Adding alarm when kube-apiserver pod fails

It is possible to put the system into a state where kubernetes does not work but no alarms are present. New alarm added to indicate k8s api server is down. Test Plan: PASS: Kube api server was interrupted/stopped by changing configuration files and alarm was raised. PASS: Alarm was cleared when configurations were reset and kube api server was restarted. Change-Id: I335179ea98ef63d7c35c89d82328a52ab2391f5c Signed-off-by: rakshith mr <rakshith.mr@windriver.com>
2024-01-29 08:20:34 -05:00 · 2024-01-29 08:20:34 -05:00 · 021718688b
parent 1684514c79
commit 021718688b
2 changed files with 22 additions and 0 deletions
--- a/fm-api/source/fm_api/constants.py
+++ b/fm-api/source/fm_api/constants.py
@ -309,6 +309,9 @@ FM_ALARM_ID_KUBE_ROOTCA_UPDATE_IN_PROGRESS = ALARM_GROUP_SW_MGMT + ".008"
 # Kubernetes RootCA Update abort alarm id
 FM_ALARM_ID_KUBE_ROOTCA_UPDATE_ABORTED = ALARM_GROUP_SW_MGMT + ".009"

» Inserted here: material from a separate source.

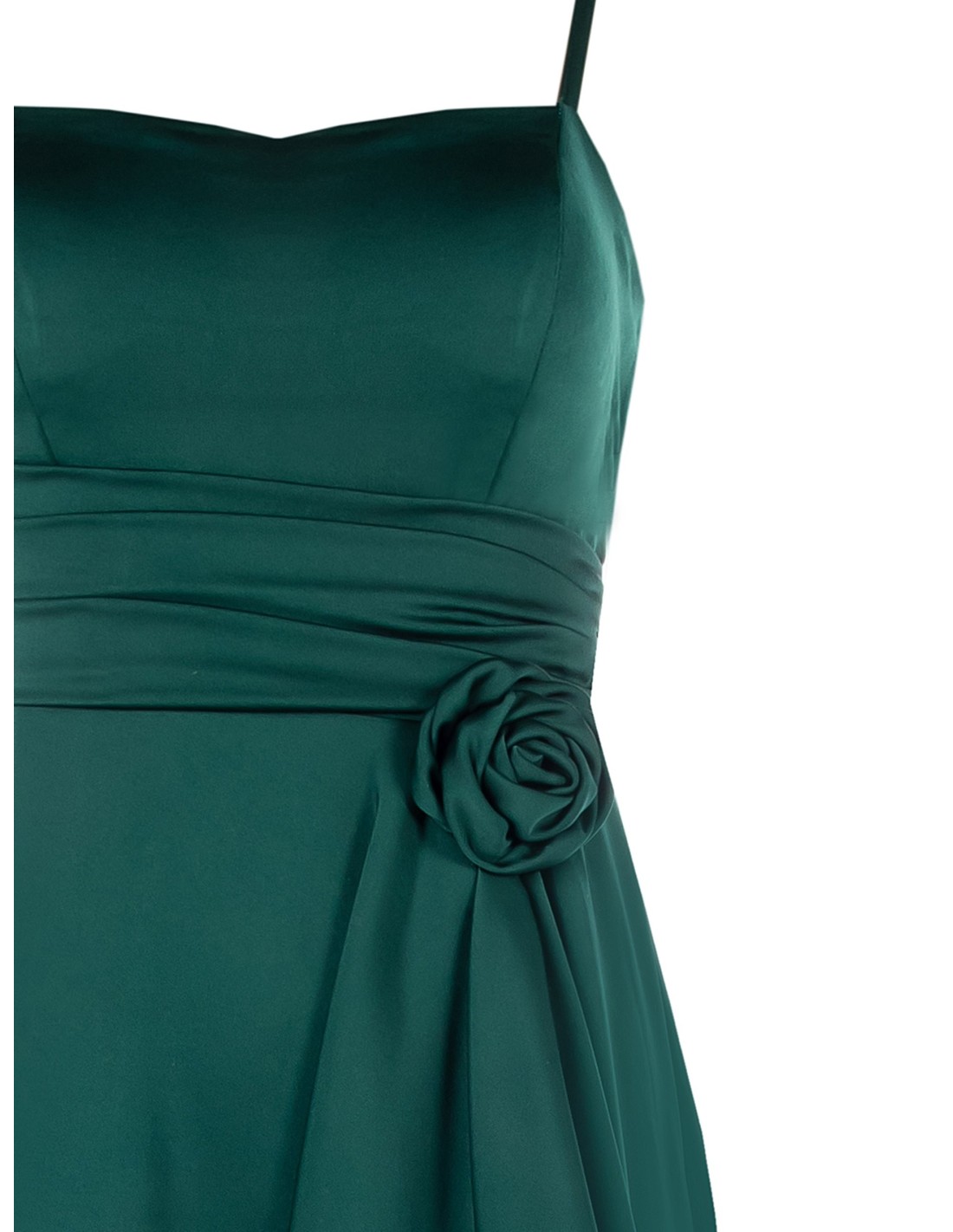 Vestido Comprido Assimétrico De Cetim Com Rosa E Cintura Rinascimento

+# Kubernetes Node Down alarm id
+FM_ALARM_ID_KUBE_DOWN = ALARM_GROUP_K8S + ".002"
+
 # The SYSTEM_CONFIG_UPDATE alarms are originated by vim strategy which is the
 # same as the other sw-mgmt alarms, put them in the same group
 # System Config Update alarm id
--- a/fm-doc/fm_doc/events.yaml
+++ b/fm-doc/fm_doc/events.yaml
@ -3431,6 +3431,25 @@
    Degrade_Affecting_Severity: none
    Context: none

+850.002:
+    Type: Alarm
+    Description: K8s nodes unreachable
+    Entity_Instance_ID: kubernetes=k8s-nodes
+    Severity: major
+    Proposed_Repair_Action: "Restart kubernetes service.
+                             Consult the System Administration Manual
+                             for more details. If problem persists
+                             contact next level of support."
+    Maintenance_Action:
+    Inhibit_Alarms:
+    Alarm_Type: communication
+    Probable_Cause: communication-subsystem-failure
+    Service_Affecting: False
+    Suppression: False
+    Management_Affecting_Severity: none
+    Degrade_Affecting_Severity: none
+    Context: none
+
 #---------------------------------------------------------------------------
 #   SOFTWARE
 #---------------------------------------------------------------------------